Variety alludes to how structured is the data. If the structure is highly defined and highly related rather than being a large BLOB. Additionally, consider whether the store needs to be aware of any nested data.
Volume is both the quantity of the total dataset and each record itself.
The first step to structuring data is to think about the patterns for both reading and writing. By patterns, I mean in what form will the commands and queries look? Will we always be selecting a list of the same object type? Will we be selecting individual pieces of data? What values will we have to query with? What will a typical write command look like?
All of these considerations should consider the most frequent of operations. Designing for the 99% scenarios, then worrying about the 1% cases later.
Let's consider the fundamental scenarios for BetaBud minimal viable product and the data we have access to at each point:
Type | Description | Available Data |
---|---|---|
Query | Querying the main feed - https://betabud.io | We know it is a list of forms |
Query | Querying your feed - https://betabud.io/myforms | We also know it is a list of forms but they belong to a given user |
Command | Creating a form - https://betabud.io/create | The given user and all the data about a not yet saved form |
Query | Loading a form | The user and the form ID from either the main feed or own feed data |
Command | Responding to a form | The user and the form ID from loading the page, as well as all of the responses |
Query | Loading the user’s data - for instance the number of tokens they have | The given user |
As aforementioned, I acknowledge this store needs to be the silver bullet that would remain constant throughout, and be exclusively used. The store will change, and growth allows this store to be broken down and reconsidered.
Yet, with this concise set of initial MVP requirements, all could be achieved with a single store.
Honestly, this was a biased call from the start, I was always inclined to use DynamoDB. Perhaps a relational database would have been easier to query and reduce duplication - will explore later - but I wanted a store quick to set up and configure, easy to maintain, with very fast latency.
All the data above is highly related, so it made sense to store it all together in a single table. The table has a generic “PK” and “SK” name for the primary key and sort key columns. This means they can take any form without creating confusion.
This single table also reduces the complexity when interacting with the data store, especially when using batch read/write operations.
A reason to perhaps consider splitting this table later could perhaps be a vastly differing rate of reads and writes per item type, maybe one type needs higher provisioning throughput than the rest. Or a single type requires a Global Secondary Index that the others don’t, at the stage of MVP this isn’t the case.
Based on the above patterns here is what the primary keys look like.
A form header item that includes any data required for the main feed
PK | SK |
---|---|
HEADER | 1712009988#username#formIdentifier |
The form body item includes all data about a form such as the different questions
PK | SK |
---|---|
username | 1712009988#formIdentifier |
The form response item is created when another user responds to a form
PK | SK |
---|---|
RESPONSE#username | formIdentifier#respondeeUsername |
A user token that contains other data about the user such as tokens earned and spent
PK | SK |
---|---|
USERTOKEN | username |
An entity relationship diagram showing how the different entities can be stored in one table
Time to Live is a clever functionality of DynamoDB. At table level, set a date column that should behave as the TTL, and then whenever that date has elapsed, the item will be deleted.
Currently, there is only a TTL applied to the form header record within BetaBud.
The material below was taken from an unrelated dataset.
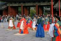Áß±ÃÁ¤Áö¸íºÎÁ¶ÇÏÀÇ(ñéÏàïáò¸Ù¤ÜþðÈùÅëð) Àå¼Ò : â°æ±Ã ¸íÀüÀü ÀϽà : 2000³â 10¿ù 14ÀÏ-15ÀÏ ÁÖÃÖ : ¹®ÈÀçû '2000 ±ÃÁß¹®È ÀçÇö Çà»ç'¿¡¼ ÃÖÃÊ·Î ÀçÇöµÈ Áß±ÃÁ¤Áö¸íºÎÁ¶ÇÏÀÇ(ñéÏàïáò¸Ù¤ÜþðÈùÅëð), Áß±ÃÁ¤Áöȸ¸íºÎÀÇ(ñéÏàïáò¸üåÙ¤Üþëð)´Â Á¶¼±½Ã´ë¿¡ ¿Õºñ°¡ ³»ÀüÀ¸·Î ±ÃÁß ¿©ÀεéÀ» ºÒ·¯ ÇàÇß´ø ÀǽÄÀÌ´Ù. 'Áß±ÃÁ¤Áö¸íºÎÁ¶ÇÏÀÇ'´Â ¼³³¯°ú µ¿Áö¿¡ ³»¸íºÎ¿Í ¿Ü¸íºÎ°¡ ¿Õºñ²² ÇϷʸ¦ ¿Ã¸®´Â ÀǽÄÀ» ¸»Çϰí, 'Áß±ÃÁ¤Áöȸ¸íºÎÀÇ'´Â ÇÏ·Ê ÀǽÄÀ» ¸¶Ä£ ³»,¿Ü¸íºÎµéÀ» À§ÇØ ¿Õºñ°¡ º£Çª´Â ¿¬È¸¸¦ ¸»ÇÑ´Ù. ³»¸íºÎ(Ò®Ù¤Üþ)¶õ Á¶¼±½Ã´ë ±ÃÁß¿¡¼ ±¹¿Õ ¹× ¿Õ½ÇÀ» º¸ÇÊÇÏ´ø ºó(Þ®), ±ÍÀÎ(ÏþìÑ), ¼ÒÀÇ(á¹ëð), ¼÷ÀÇ(â×ëð) µîÀ» ÃÑĪÇÏ¸ç ¿Ü¸íºÎ(èâÙ¤Üþ)´Â Á¶¼±½Ã´ë Ư¼öÃþÀÇ ¿©Àΰú ºÀÀÛÀ» ¹ÞÀº ÀÏ¹Ý »ç´ëºÎ¿©ÀÎÀ» ÅëĪÇÏ¿© ÁöĪÇÑ´Ù. Ư¼öÃþÀÇ ¿©ÀÎÀº ¿Õ½ÇÀÇ Á¤ 1ǰÀÎ ºó(Þ®)ºÎÅÍ Á¾9ǰÀ» ¹ÞÀº ÁÖº¯±Ã(ñ´Ü¨Ïà)±îÁöÀÇ ³»¸íºÎ¸¦ Á¦¿ÜÇÑ ¿ÕÀÇ À¯¸ð, ¿ÕºñÀÇ ¾î¸Ó´Ï, ¿ÕÀÇ µþ(°øÁÖ, ¿ËÁÖ), ¿Õ¼¼ÀÚÀÇ µþ(±ºÁÖ, ÇöÁÖ)À» ÁöĪÇϸç, ÀÏ¹Ý »ç´ëºÎ¿©ÀÎÀº Á¾Ä£ÀÇ Ã³¿Í ¹®¹«¹é°üÀÇ Ã³ µîÀ» ¸»ÇÑ´Ù. 'Á¶ÇÏ(ðÈùÅ)'´Â Á¶È¸(ðÈüå)¿Í °æÇÏÀÇ ¸»À» ¿Ã¸®´Â µÎ °¡Áö ÀǽÄÀÇ ¿¬¼ÓÀ¸·Î ÀÌ·ç¾îÁø °ÍÀ¸·Î 'Á¶ÇöºÀÇÏ(ðÈúæÜåùÅ)'ÀÇ ¾àĪÀ̶ó°í ÇÒ ¼ö ÀÖ´Ù. µû¶ó¼ ¹é°üÀÌ ±¹¿ÕÀ» Á¶ÇöÇÏ´Â °¢Á¾ ÀǽÄÀ» ÅëĪÇÏ´Â Á¶È¸ÀÇ ÀÏÁ¾ÀÌ´Ù. ±â·Ï¿¡ ÀÇÇÏ¸é ¿ì¸®³ª¶ó¿¡¼ Á¶Çϰ¡ ½ÃÀÛµÈ ¶§´Â ½Å¶ó Áø´ö¿Õ(ÀçÀ§ 647-654) 5³âºÎÅͶó°í ÇÑ´Ù. ÀÌ ¿¬È¸¿¡¼´Â ³»,¿Ü¸íºÎÀεéÀÌ ¿ÕºñÀÇ °Ç°°ú Àå¼ö¸¦ Ãà¿øÇÏ¿´°í, ÀÌ·¯ÇÑ ÀÇ·Ê´Â ¿ÕºñÀÇ ±ÇÀ§¸¦ ³»,¿Ü¸íºÎ¿¡ °ú½ÃÇϰí, ¿Õºñ°¡ Á÷Á¢ ¿¬È¸¿¡ Âü¼®ÇÏ¿© ³»,¿Ü¸íºÎ°£ÀÇ È¸ñ°ú °á¼ÓÀ» µµ¸ðÇÏ´Â Áß¿äÇÑ ÀÚ¸®¿´´Ù. À翬µÈ Çà»ç´Â ¼¼Á¾½Ç·Ï°ú ±¹Á¶¿À·ÊÀÇ µîÀÇ °¡·ÊÀǽÄÀ» ÂüÁ¶ÇÏ¿© ÃÖÃÊ·Î ¿øÀü¿¡ °¡±õ°Ô À籸¼ºÇÏ¿© ¹®ÈÀçû¿¡¼ ÁÖÃÖ, ÁøÇàÇÏ´Â Çà»çÀÌ´Ù. Áß±ÃÁ¤Áö¸íºÎÁ¶ÇÏÀÇ ¹× Áß±ÃÁ¤Áöȸ¸íºÎÀÇ ÀýÂ÷´Â ´ÙÀ½°ú °°´Ù. Áß±ÃÁ¤Áö¸íºÎÁ¶ÇÏÀÇ(ñéÏàïáò¸Ù¤ÜþðÈùÅëð) Ãʾö(ÀÇÀå,º°°¨,³»½Ã ÀÔÀå) - Áß¾ö(¿©°øÀÎ, »çºó, »çÂù, ÀüÂù, Àü¾ð ÀÔÀå) - »ï¾ö(¿Õºñ ÀÔÀå) - ³»¸íºÎ Á¶ÇÏ(ÀÔÀå/±¹±Ã»ç¹è/Ä¡»ç³¶µ¶/±³Áö¼±Æ÷/±¹±Ã»ç¹è /ÅðÀ§) - ¿Ü¸íºÎ Á¶ÇÏ(ÀÔÀå/±¹±Ã»ç¹è/Ä¡»ç³¶µ¶/±³Áö¼±Æ÷/ÅðÀ§) - ¿¹ÇÊ (ÀǷʸ¦ ¸¶Ä§) Áß±ÃÁ¤Áöȸ¸íºÎÀÇ(ñéÏàïáò¸üåÙ¤Üþëð) Ãʾö(ÀÇÀå,º°°¨,³»½Ã ÀÔÀå) - Áß¾ö(¿©°øÀÎ, »çºó, »çÂù, ÀüÂù, Àü¾ð ÀÔÀå) - »ï¾ö(¿Õºñ ÀÔÀå) - ±¹±Ã»ç¹è(³»¿Ü¸íºÎ, ¼¼ÀÚºóÀÌ ¿Õºñ²² 4¹ø ÀýÀ» ¿Ã¸²) - 1ÀÛ(³»¸íºÎ ¹Ý¼ö°¡ ¿Õºñ²² ¼úÀ» ¿Ã¸²/Ä¡»ç³¶µ¶/»ç¹è) - 2ÀÛ(¼¼ÀÚºóÀÌ ¿Õºñ²² ¼úÀ» ¿Ã¸²/ Ä¡»ç³¶µ¶/»ç¹è) - ÁøÈ(²ÉÀ» ¿Ã¸²) - ÁøÅÁ(ÅÁÀ» ¿Ã¸²) - 3ÀÛ~9ÀÛ(³»¿Ü¸íºÎ, ¼¼ÀÚºó¿¡°Ô ¼úÀ» ¿Ã¸². ÅÁ,¼ú ¹Ýº¹ 9¼ø¹è) - Áø´ë¼±(´ë¼±À» ¿Ã¸²) - ±¹±Ã»ç¹è (³»¿Ü¸íºÎ, ¼¼ÀÚºóÀÌ ¿Õºñ²² 4¹ø ÀýÀ» ¿Ã¸²) - ¿¹ÇÊ(ÀǷʸ¦ ¸¶Ä§) |

The absence of this header indicates that a form is archived and won't show in the main feed. This is currently set to happen after 28 days.
This in-built trigger functionality reduces the need for any scheduled process that would need to be implemented by another resource.
As mentioned, this is the MVP implementation of BetaBud. A data store is an evolving ecosystem as much as your front-end design is. The greater consideration you give it upfront, the less pain it will save in the long run.
There is always the opportunity to perform a data migration later on, but let's try and reduce the headaches of future us with that initial design.